The ronin stepped onto the road and faced the oncoming column of women. They halted roughly two hundred meters away. The bushi and their peasant conscripts stood at the ready. The ronin could see that, and she was impressed that they maintained a steady demeanor in the face of a single warrior. Most samurai would laugh at a lone woman preparing to challenge a daimyo in front of dozens of retainers.

The wind seemed to turn colder as the ronin realized that she had underestimated Kujaku-sama. Clearly her appearance had been expected, and she cursed her overconfidence. A sense of foreboding fell over her. Kujaku-sama was not a woman to take threats lightly.

While she would not put it past Kujaku-sama to simply halt her caravan and pepper an enemy with arrows, the ronin counted on the daimyo’s womanly pride. This was another reason why the ronin wore her formal kamishimo today. The red and black outfit in her family’s traditional colors was distinctive, and Kujaku-sama would recognize her immediately. Appearing afraid of a single ronin would be a blemish on her honor that Kujaku-sama would not tolerate.

Careful not to let her hand drift towards her blade, lest she provoke her enemies before the time was right, the ronin called out, “Kujaku Tanjoubi-sama! One year ago, you slandered my mother, forcing her to take her own life to counter your lies.

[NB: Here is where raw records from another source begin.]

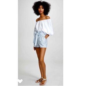 L’Agence Alex Paper Bag Shorts in Blue/White.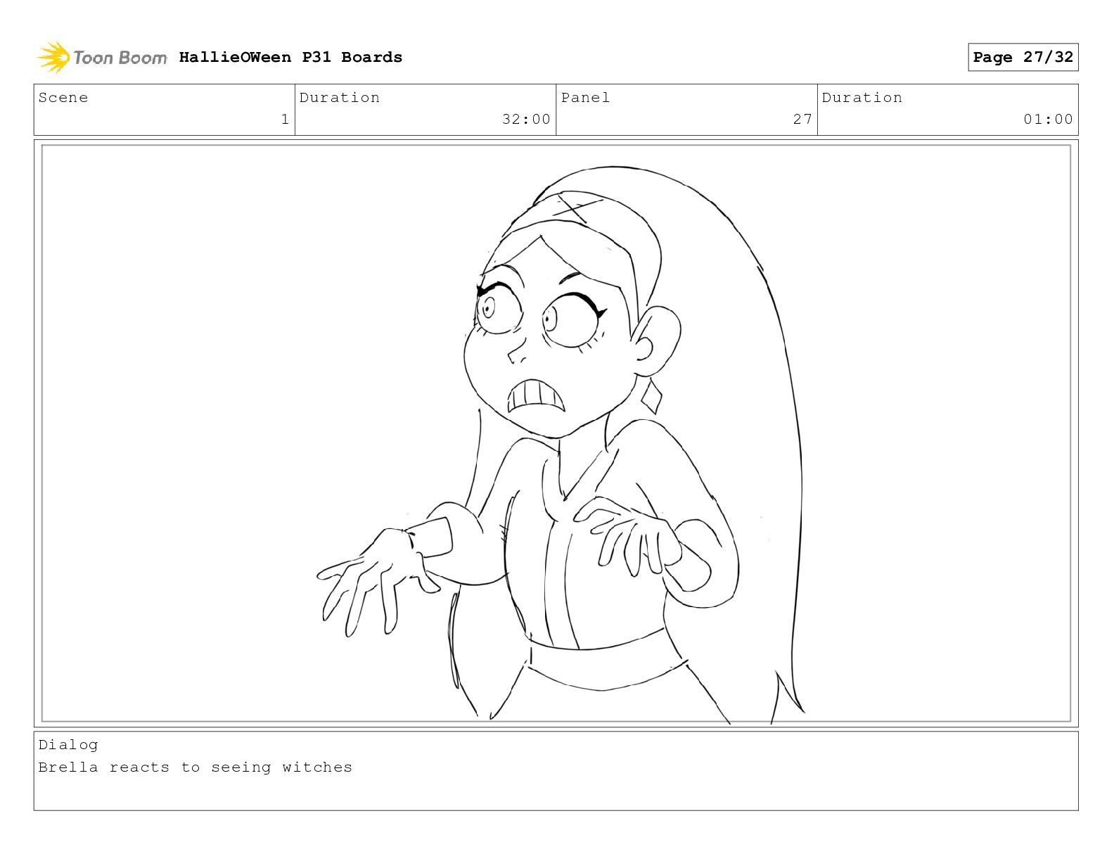 Scene 1 Duration 32:00 Panel 27 Duration 01:00 Dialog Brella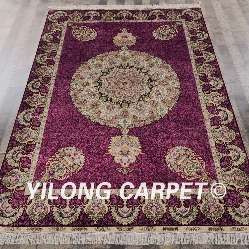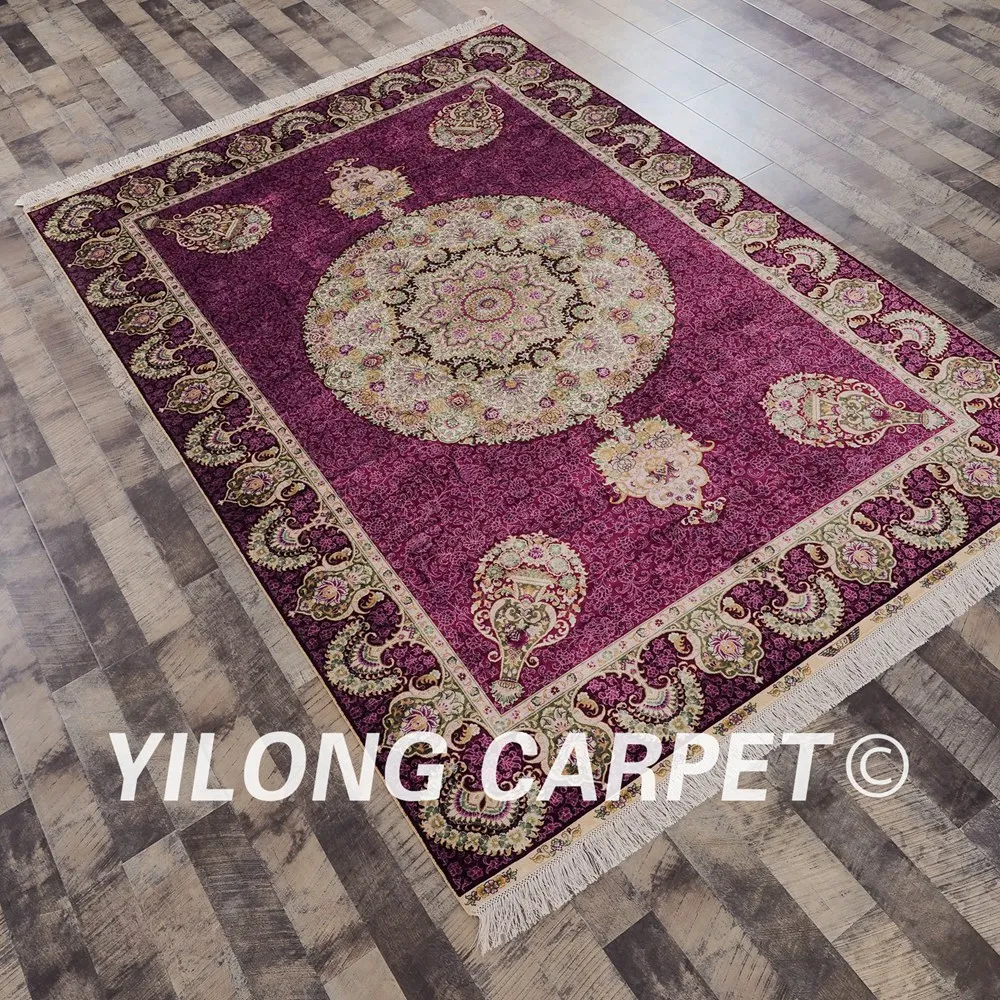 Best Yilong 5.5'x8' Handmade Persian Silk Rug Elegant Medallion Qum Carpet (SL147A5.5x8)

I come seeking justice in her name.”

She could see amusement painting the faces of the women. Some went so far as to laugh openly. The ronin felt rage inside her ready to boil over. How dare these women act as if she was some biting fly to be swatted!

“Do you surround yourself with chattering men these days, Kujaku-sama?” she angrily demanded. “Will they prepare tea for us and amuse us with their gossip? Will one of them play the biwa for us and offer pillow talk?”

That got their attention. Any woman of honor would feel the ronin’s insult at being compared to a man.

A rustle of parting women revealed Kujaku-sama riding to the front of the column. Her icy glare reminded the ronin of how the daimyo had earned her reputation for being heartless and cold-blooded.

“My apologies, Samurai,” Kujaku-sama said, her voice betraying no emotion. “If my retainers do not understand that war is women’s work and wish to keep homes like good husbands, then I must thank you for revealing their unworthiness.”

Instantly, the daimyo’s retainers straightened and their faces hardened.

The ronin felt some satisfaction. She embraced her fate, and she would not tolerate the jeers of dishonorable women.

“I am afraid, though,” Kujaku-sama continued. “You are mistaken. One year ago, I spoke simple truth and your mother’s treachery doomed her.”

“Liar!” the ronin shouted, putting her hand on the hilt of her blade.

Kujaku-sama’s smirk did not reach her eyes. 

The ronin realized that this was all going to the daimyo’s plan. She had walked into a trap.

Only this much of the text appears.